来自英国和澳大利亚的学者提议另外一种动态命名方案,英文全称为Phylogenetic Assignment of Named Global Outbreak LINeages,简称PANGOLIN方案,与“穿山甲”的英文单词“pangolin”相同。他们提议以字母开始标记主要病毒谱系(lineage),谱系A病毒以Wuhan/WH04/2020 (EPI_ISL_406801)为代表,其ORF1ab基因8782位碱基及ORF8基因28144位碱基与蝙蝠分离株RaTG13一致;谱系B病毒以Wuhan-Hu-1 (Genbank accession MN908947)为代表。进一步的划分则在谱系字母后面加数字,如谱系A.1、谱系B.2等。根据这个方案,他们将2685株病毒划分为5种谱系A(lineage A.1-A.5),8种谱系B(lineage B.1-B.8)[14]。

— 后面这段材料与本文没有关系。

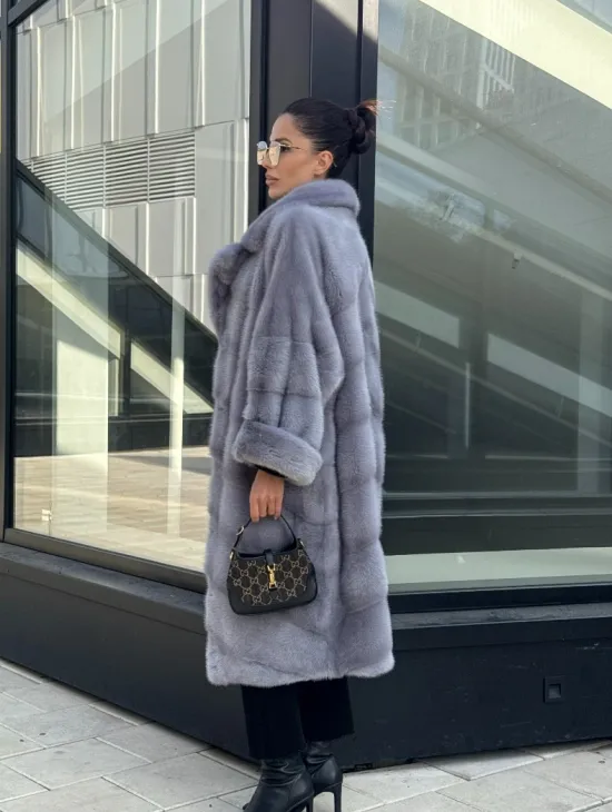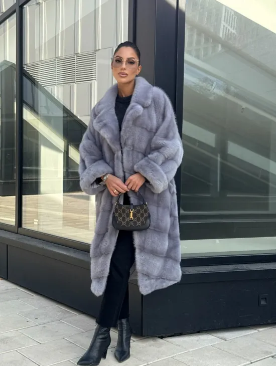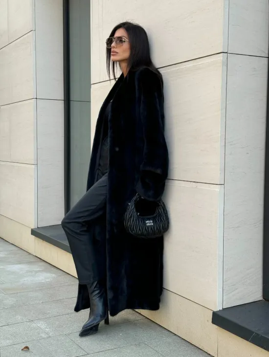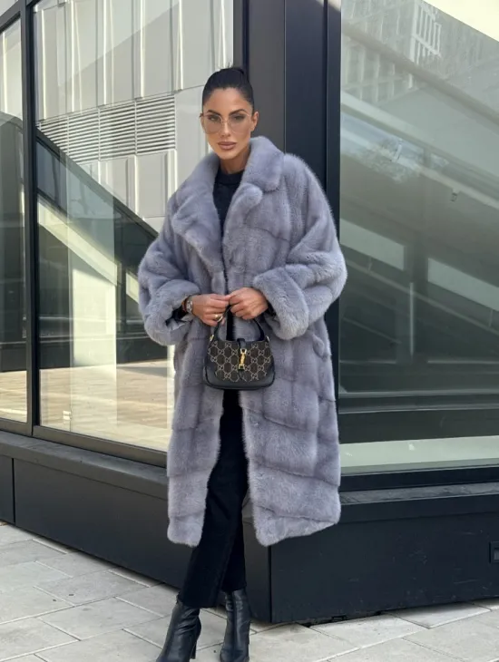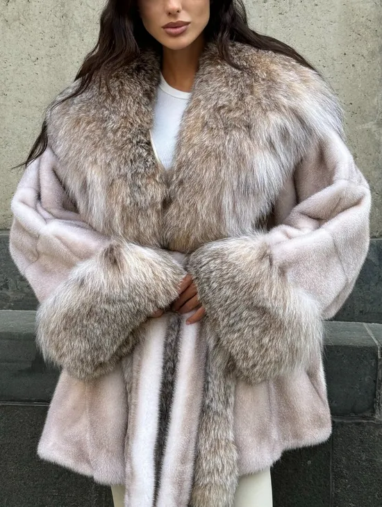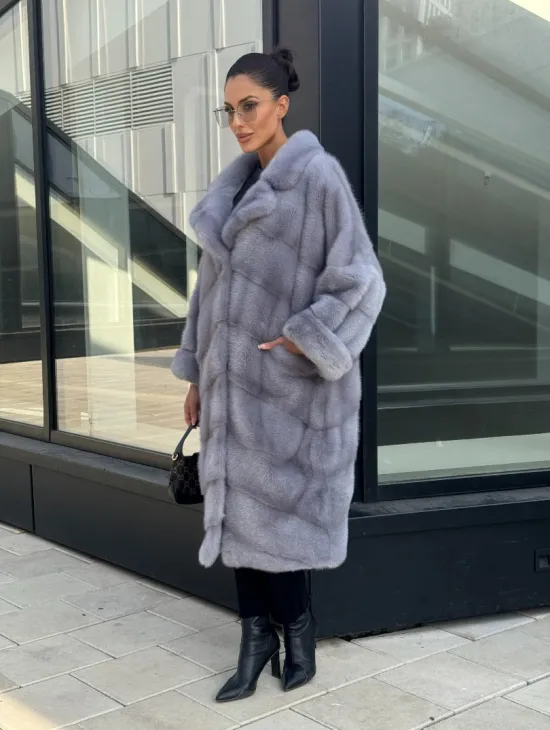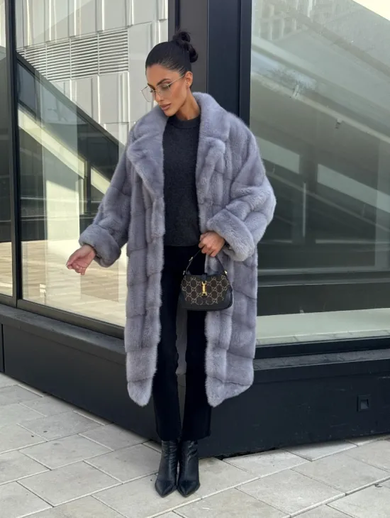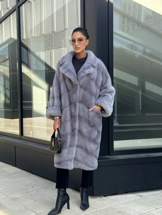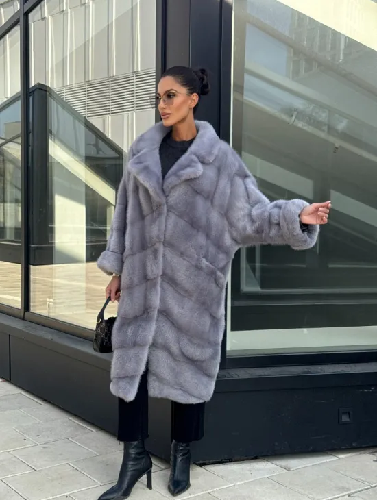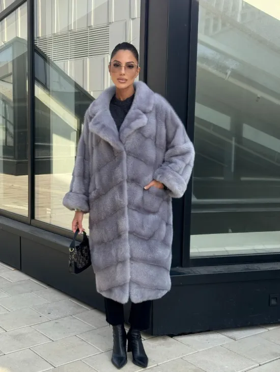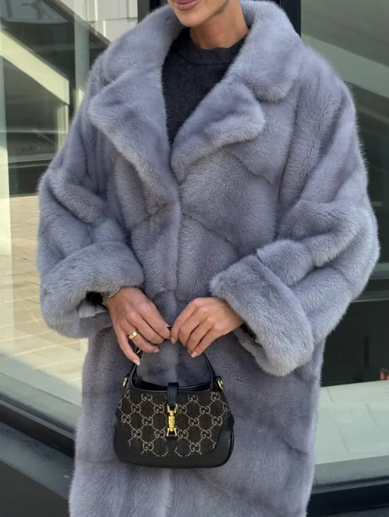 Женское меховое пальто оверсайз, стиль - Бохо из скандинавской норки GOLD
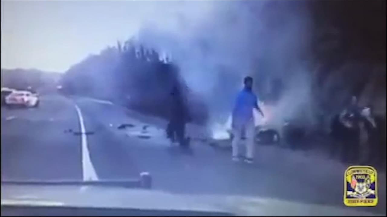 Policías de Connecticut acudieron al reporte de un accidente en una vía principal en la que un carro se incendiaba. Una persona que iba pasando ayudó en las labores. La víctima fue trasladada a un hospital con lesiones menores.
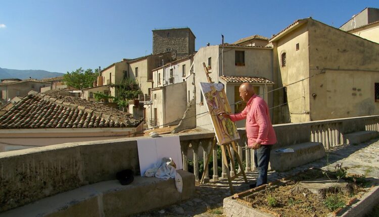 Un aroma conosciuto riempie gli stretti vicoli e ci conduce ai tanti piccoli forni domestici, celati nelle case del borgo, dove le fascine ardono e la farina di grani antichi cresciuta con il lievito madre, tramandato da generazioni, regala un pane diverso da tutti gli altri in quello che è conosciuto come paese del pane. Il paesaggio diventa ispirazione tra le mani del pittore Franco Azzinari. Le forme e la luce assolata, con i colori delicati dalle mille sfumature, finiscono in una tela improvvisata su un cavalletto nella piazza del borgo. Gli artisti spesso si attraggono tra loro e nella luce netta del pomeriggio Joshua Gaspero, l’americano, appare nella piazzetta. E il pittore del vento lascia il suo paesaggio per regalare all’amico il suo ritratto.
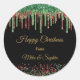 Pegatina Redonda Brillo Rojo Verde que Gotea Navidad Negro Glamour
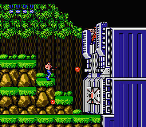 玩家可以跳跃并在跳跃时用方向键控制移动和开火的方向,而且跳跃时的方向控制在游戏进程中十分重要。
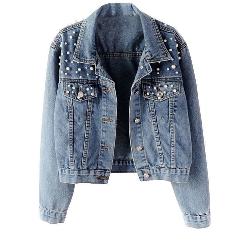 Denimjacka för kvinnor med pärlor
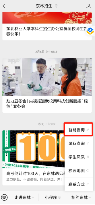 关注【东林招生】微信公众号,点击底栏“智能咨询”即可在线咨询。
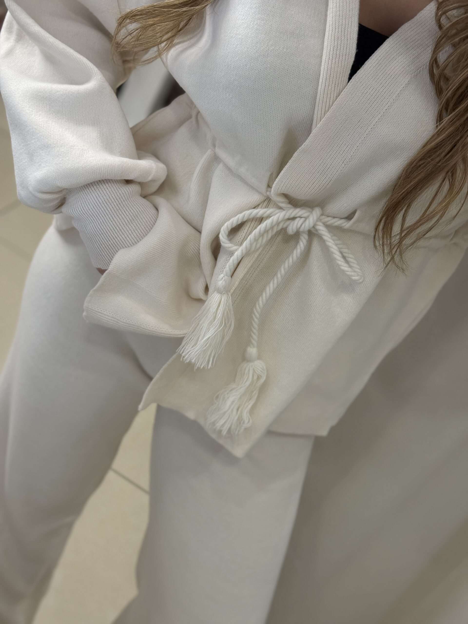 - Ζακέτα άνετη με κλείσιμο κορδόνι και φούντα λεπτομέρεια

以上几种分型体系虽然都是以病毒全长基因组序列为基础,Nextstrain体系侧重于核苷酸序列差异,GISAID命名主要考虑关键位点标志性氨基酸残基变异。多数方案都关注了基因组8782和28144位点的变异,相对说来,PANGOLIN方案分型更加精细。根据近期GISAID网站更新数据,GISAID体系中的S、L、V、G、GR、GH分支分别与PANGOLIN方案中A、B、B.2、B.1、B.1.1、B.1* 谱系对应[6]。

3 SARS-CoV-2病毒基因组流行病学应用

3.1调查病毒起源 SARS-CoV-2基因组序列公布之后,学术界和社会公众都关注这种新出现病毒的起源。武汉病毒所石正丽团队报道,最初发病的5例COVID-19患者所获得病毒全长基因组序列相似,但与2002年出现的严重急性呼吸综合征冠状病毒(SARS-CoV)相似性仅为79.6%,而与中国云南蝙蝠中分离的1株冠状病毒毒株RaTG13全长基因组相似达96%,但二者在刺突蛋白的受体结合区域(RBD)存在差异[15]。随后,对中国南方截获的从马来西亚走私入境的穿山甲样品进行宏基因组分析,得到的冠状病毒基因组片段与SARSCoV-2病毒相似,特别是其RBD残基与疫情相关SARS-CoV-2非常相似[16]。因此,目前证据推测蝙蝠可能充当贮存宿主,穿山甲可能为中间宿主。而最近调查发现,世界各地报道从部分家猫、狗、动物园里的虎、狮以及饲养的水貂等动物中发现感染SARS-CoV-2, 多数怀疑是通过人-动物传播模式[17]。以上事实说明其它哺乳动物宿主也可能存在SARS-CoV-2相关病毒,进一步调查哺乳动物有助于最终明确该病毒的真正起源[18]。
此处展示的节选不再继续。